• BRIEF:
When you repeat the material, keep each line exact and omit the pictures.

START DATA

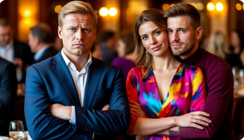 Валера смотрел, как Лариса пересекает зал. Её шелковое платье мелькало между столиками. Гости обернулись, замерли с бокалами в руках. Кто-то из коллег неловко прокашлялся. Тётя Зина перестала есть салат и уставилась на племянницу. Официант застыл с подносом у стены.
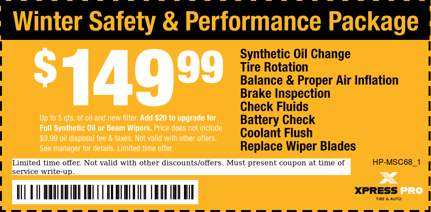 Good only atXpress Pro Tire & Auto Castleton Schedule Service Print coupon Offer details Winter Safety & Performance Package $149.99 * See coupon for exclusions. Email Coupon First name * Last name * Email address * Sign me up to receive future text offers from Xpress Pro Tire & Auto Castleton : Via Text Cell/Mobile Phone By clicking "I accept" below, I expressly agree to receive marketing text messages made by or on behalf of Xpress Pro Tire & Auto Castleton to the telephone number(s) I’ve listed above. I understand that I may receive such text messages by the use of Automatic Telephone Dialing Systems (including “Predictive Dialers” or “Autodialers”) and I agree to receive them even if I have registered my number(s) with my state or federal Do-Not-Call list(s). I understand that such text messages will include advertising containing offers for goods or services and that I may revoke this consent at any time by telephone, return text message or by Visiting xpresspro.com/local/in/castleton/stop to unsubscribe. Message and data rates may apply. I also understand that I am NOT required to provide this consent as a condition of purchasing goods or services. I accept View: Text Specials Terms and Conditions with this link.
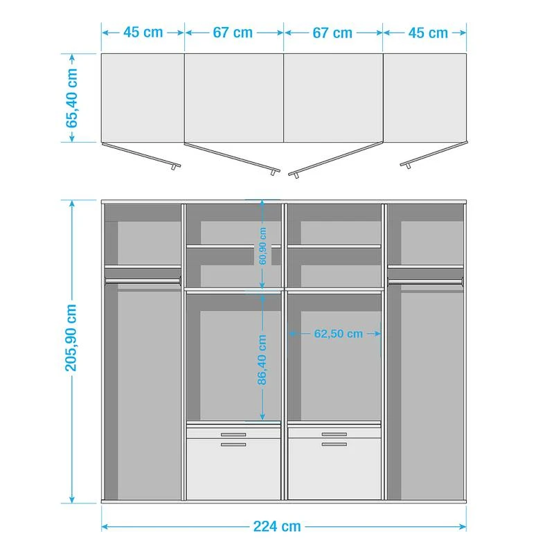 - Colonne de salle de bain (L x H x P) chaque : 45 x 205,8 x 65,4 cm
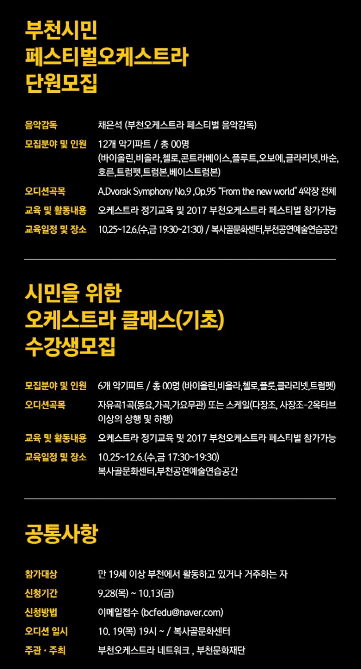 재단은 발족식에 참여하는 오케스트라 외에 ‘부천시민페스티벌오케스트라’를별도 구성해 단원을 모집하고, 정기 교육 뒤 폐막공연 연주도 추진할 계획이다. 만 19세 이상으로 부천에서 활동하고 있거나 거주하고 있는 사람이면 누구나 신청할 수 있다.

END DATA

• SOLUTION:
 Валера смотрел, как Лариса пересекает зал. Её шелковое платье мелькало между столиками. Гости обернулись, замерли с бокалами в руках. Кто-то из коллег неловко прокашлялся. Тётя Зина перестала есть салат и уставилась на племянницу. Официант застыл с подносом у стены.
 Good only atXpress Pro Tire & Auto Castleton Schedule Service Print coupon Offer details Winter Safety & Performance Package $149.99 * See coupon for exclusions. Email Coupon First name * Last name * Email address * Sign me up to receive future text offers from Xpress Pro Tire & Auto Castleton : Via Text Cell/Mobile Phone By clicking "I accept" below, I expressly agree to receive marketing text messages made by or on behalf of Xpress Pro Tire & Auto Castleton to the telephone number(s) I’ve listed above. I understand that I may receive such text messages by the use of Automatic Telephone Dialing Systems (including “Predictive Dialers” or “Autodialers”) and I agree to receive them even if I have registered my number(s) with my state or federal Do-Not-Call list(s). I understand that such text messages will include advertising containing offers for goods or services and that I may revoke this consent at any time by telephone, return text message or by Visiting xpresspro.com/local/in/castleton/stop to unsubscribe. Message and data rates may apply. I also understand that I am NOT required to provide this consent as a condition of purchasing goods or services. I accept View: Text Specials Terms and Conditions with this link.
 - Colonne de salle de bain (L x H x P) chaque : 45 x 205,8 x 65,4 cm
 재단은 발족식에 참여하는 오케스트라 외에 ‘부천시민페스티벌오케스트라’를별도 구성해 단원을 모집하고, 정기 교육 뒤 폐막공연 연주도 추진할 계획이다. 만 19세 이상으로 부천에서 활동하고 있거나 거주하고 있는 사람이면 누구나 신청할 수 있다.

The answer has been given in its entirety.